Exploring Data in Engineering, the Sciences, and Medicine
Two recent and ongoing developments have greatly increased both the range of opportunities for exploratory data analysis and the variety of tools to support this type of analysis. First has been the dramatic rise in the number of publicly available datasets available free from the Internet and second has been the similarly dramatic evolution of the Open Source software movement, making powerful analysis packages like R also freely available. The objective of this book is to provide a reasonably thorough introduction to a useful subset of these analysis tools, illustrating what they are, what they do, and when and how they sometimes fail or do something very different than we expect them to. Specific topics covered include descriptive characterizations like summary statistics (mean, median, standard deviation, MAD scale estimate, etc.), graphical techniques like boxplots and nonparametric density estimates, various forms of regression modeling (standard linear regression models, logistic regression, and highly robust techniques like least trimmed squares), and the recognition and treatment of important data anomalies like outliers and missing data.
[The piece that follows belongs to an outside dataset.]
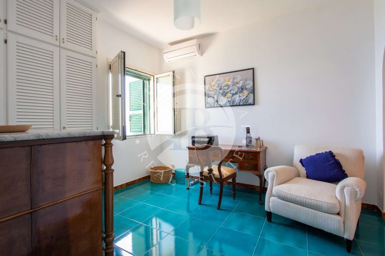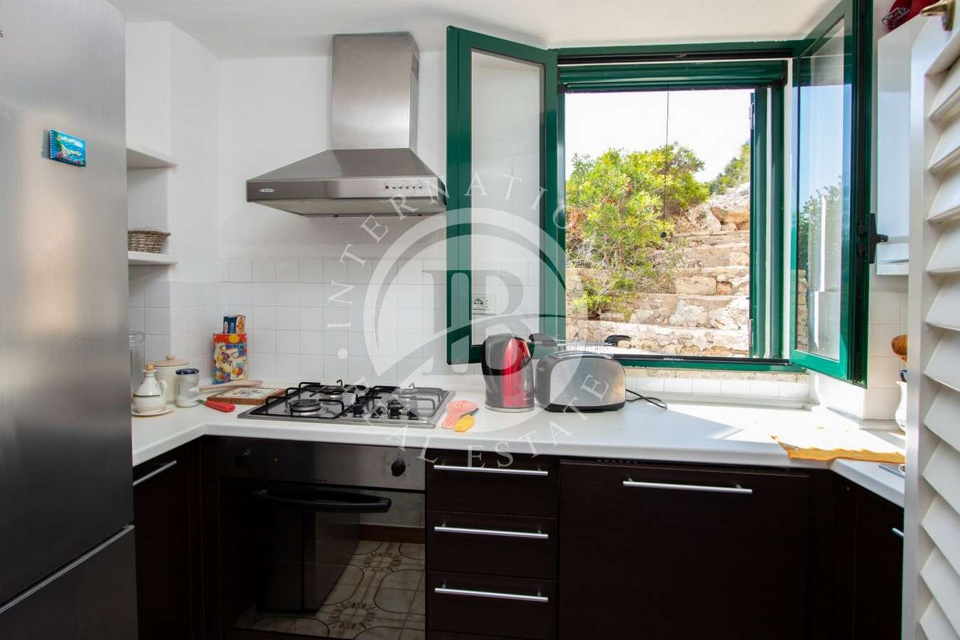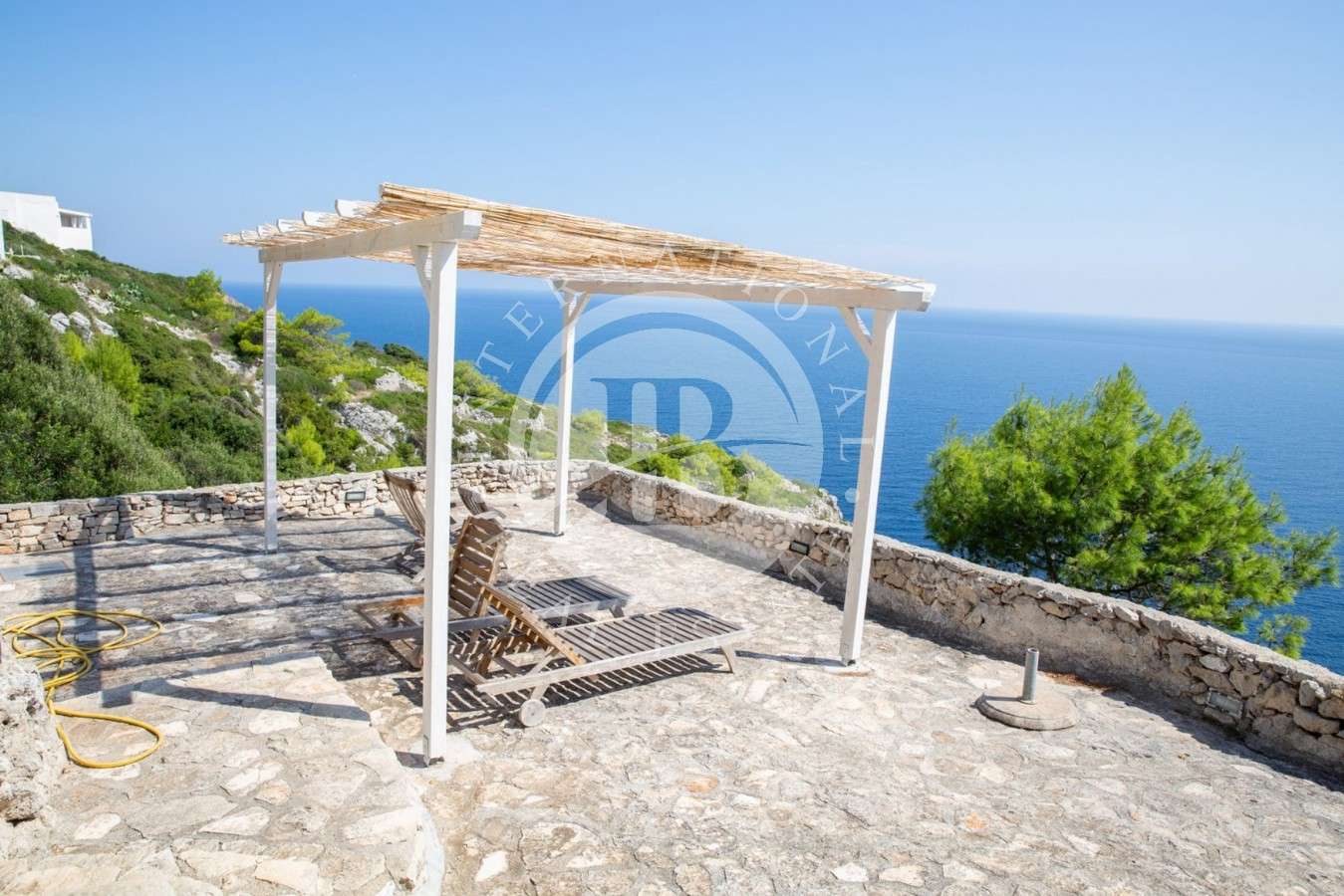 La villa, perfettamente ristrutturata, si presta ad attività ricettive di lusso. Ogni livello è fruibile con spazi ampi e finiture di pregio. I terrazzi, attrezzati con tende apribili, offrono momenti di relax e colazioni al sorgere del sole. La proprietà è dotata di ascensore, garantendo un accesso agevole ai vari livelli. La posizione strategica permette di ammirare la prima isola greca nelle giornate di sole.

In addition, the book also introduces a variety of dynamic data analysis tools, including autocorrelation analysis, parametric and nonparametric spectrum estimation, and the use of nonlinear data cleaning filters to improve dynamic characterization results. The book assumes familiarity with calculus and linear algebra, but does not assume any prior exposure to probability or statistics. Both simulation-based and real data examples are included and the book is intended either as an introductory textbook for an exploratory data analysis course like ones the author taught at the ETH where some of this material was used, or for self-study. Exercises are included at the end of each chapter and both R code and datasets are available through the associated OUP website.